Today I’m happy to be welcoming Julia Winter, a new author, to the blog. Julia has written a Pride & Prejudice variation, Mistress of Netherfield, and she’s visiting here today with a deleted scene from the book and a giveaway opportunity. She was also so kind as to provide me an ebook of Mistress of Netherfield to read and so I’ll share my review below. Let’s look at the blurb first, and then I’ll hand over to Julia.
Book Description
It is a truth universally acknowledged that on escaping an unhappy marriage, a young widow will be delighted to remove to the dower house and lease the marital abode to a single man in possession of a good fortune, provided he looks elsewhere to fulfil his want of a wife.

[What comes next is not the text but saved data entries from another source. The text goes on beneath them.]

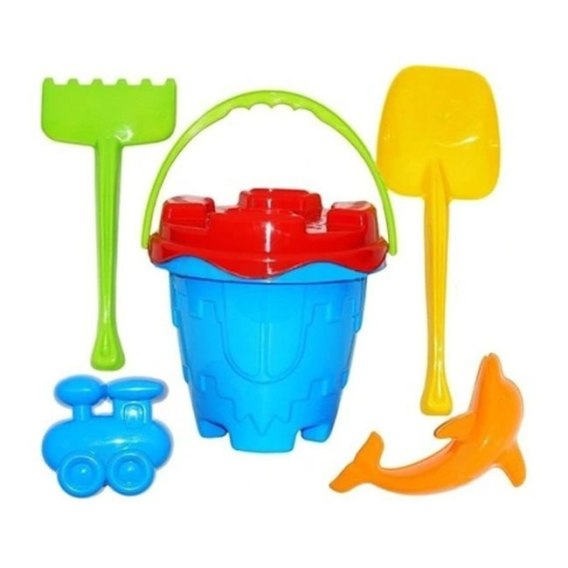 Kolorowy zestaw zabawek do piasku. Akcesoria z zestawu można wykorzystać w piaskownicy, ogródku czy na plaży. Żywe kolory przyciągną uwagę malucha i z pewnością uatrakcyjnią czas spędzany na świeżym powietrzu. Wiaderko w kształcie zamku z akcesoriami dostarczy wielu godzin fantastycznej zabawy w budowanie fortecy!
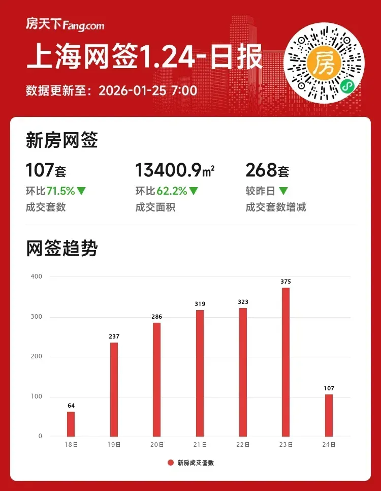 成交套数:107套 ↓71.5%(较昨日减268套)
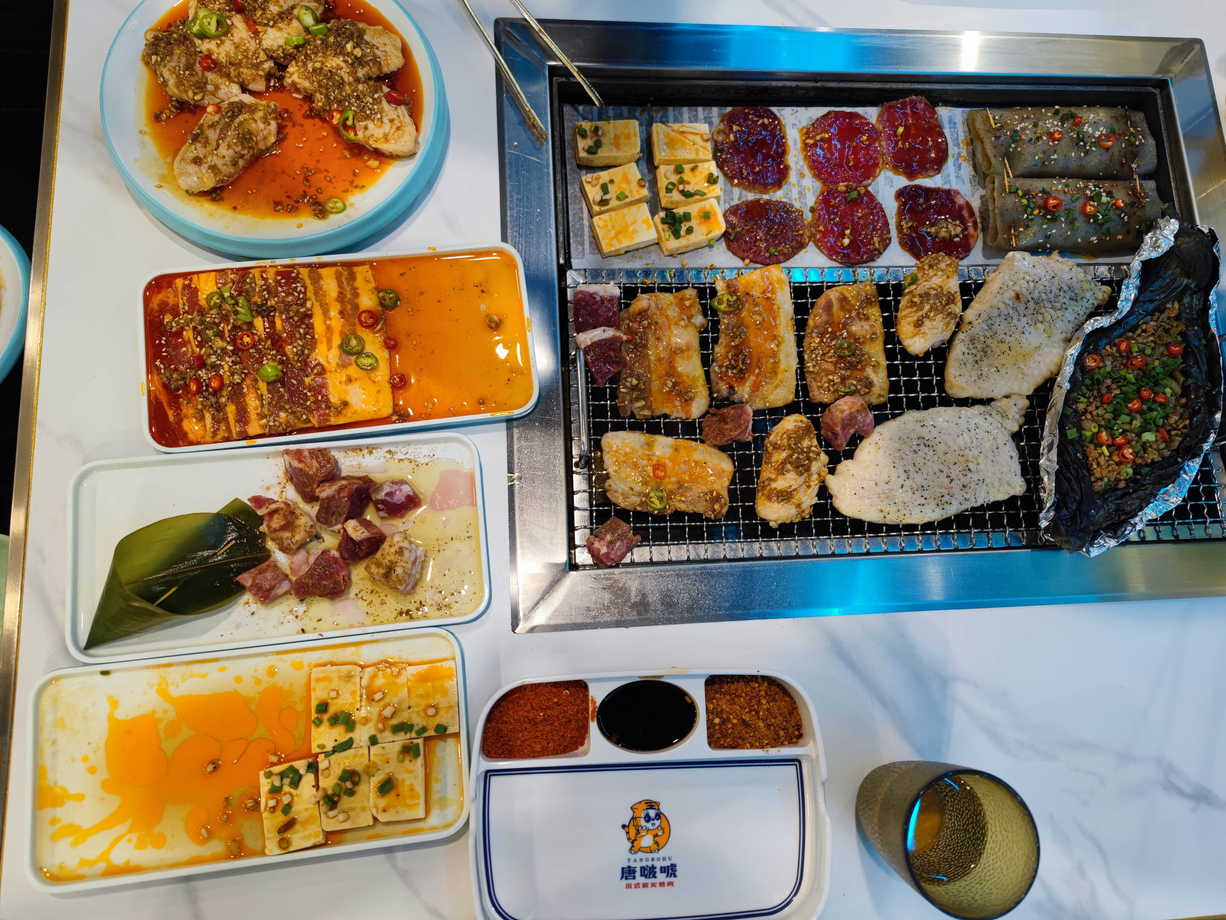 把包放下之后,稍事休息之后,我们就出去吃饭了。随便找了家评分还不错的烤肉,打了车过去。小城市的一个好处就是物价比较低。虽然看菜单上的价格只是略低于西安,但真当菜全部上来之后才发现两个人根本吃不完。我和书记边吃边休息才好不容易解决掉了所有的东西。
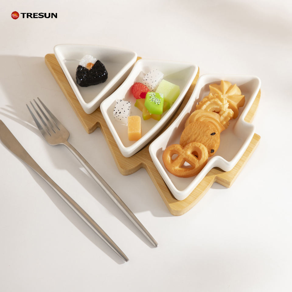 Plat de service en céramique de Noël plateau apéritif amovible plateau à Dessert assiette en porcelaine avec plateau en bambou pour la fête de mariage
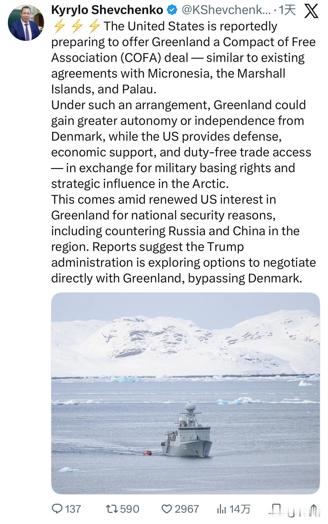 据报道,美国正准备向格陵兰岛提供一份自由联系条约(COFA)协议——类似于与密克罗尼西亚、马绍尔群岛和帕劳达成的现有协议。 根据这样的安排,格陵兰岛可以获得比丹麦更大的自治权或独立权,而美国则提供国防、经济支持和免税贸易准入——以换取在北极的军事基地使用权和战略影响力。 鉴于美国出于国家安全考虑,包括在该地区对抗俄罗斯和中国,对格陵兰岛的兴趣再度高涨,有报道称,特朗普政府正在探索绕过丹麦,直接与格陵兰岛进行谈判的方案。
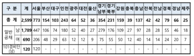 우선 공채의 경우 일반공채 남자, 여자, 101경비단(남) 등 3개 분야로 총 2,599명을 선발하게 됩니다.
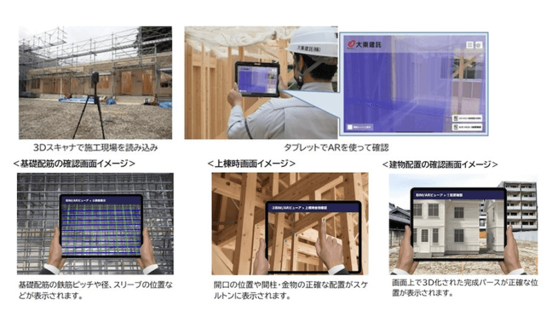 同システムは、現場従事者がタブレットやスマートフォンを通して建物や躯体の完成イメージをARで確認することができるため、従来、設計図面を見ながら照合していた確認・検査業務を効率的に行うことができる。また、ヒューマンエラーがなくなるため、品質管理の精度向上にも期待できる。
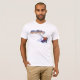 Nettes sportliches kitesurfer Shirt mit einem abstrakten modernen Meerblick mit einem springenden kiter auf dem forground. Ein schönes Retro Farbesceme, das von licht Blau reicht, bebauen eine warme Strandsandfarbe.

Forced into an unwanted marriage at the tender age of sixteen, and freed six months later by the death of her abusive husband, Elizabeth Grayson (née Bennet) has finally found a measure of peace. The inheritor of her husband’s estate, Netherfield Park, Elizabeth is now a wealthy young widow, independent and self-reliant. With an eye always on improving her four sisters’ woefully small dowries and providing for her mother, who will be homeless when her father dies, Elizabeth is pleased to lease out Netherfield to the Bingley family from the north of England, making her home in the dower house in Meryton and vowing that she will never remarry.
Fitzwilliam Darcy of Pemberley in Derbyshire is rich and well-connected, but reserved in company with anybody outside the very few he counts as friends. Towards those friends, he is loyal and steadfast, the staunchest of supporters. So when a young man comes to him with a tale of the clandestine marriage and mysterious death of Darcy’s old schoolfriend, James Grayson, and begs Darcy’s help to investigate the widow’s role, Darcy agrees. Visiting Charles Bingley, the new tenant of Netherfield, Darcy is very soon torn between his loyalty to his dead friend, and his burgeoning attraction to the widow.
Throw two unprincipled rogues and an elopement into the confines of Meryton, and how will Darcy’s dilemma over Elizabeth ever be resolved? And is she willing to put aside her misgivings, and trust again?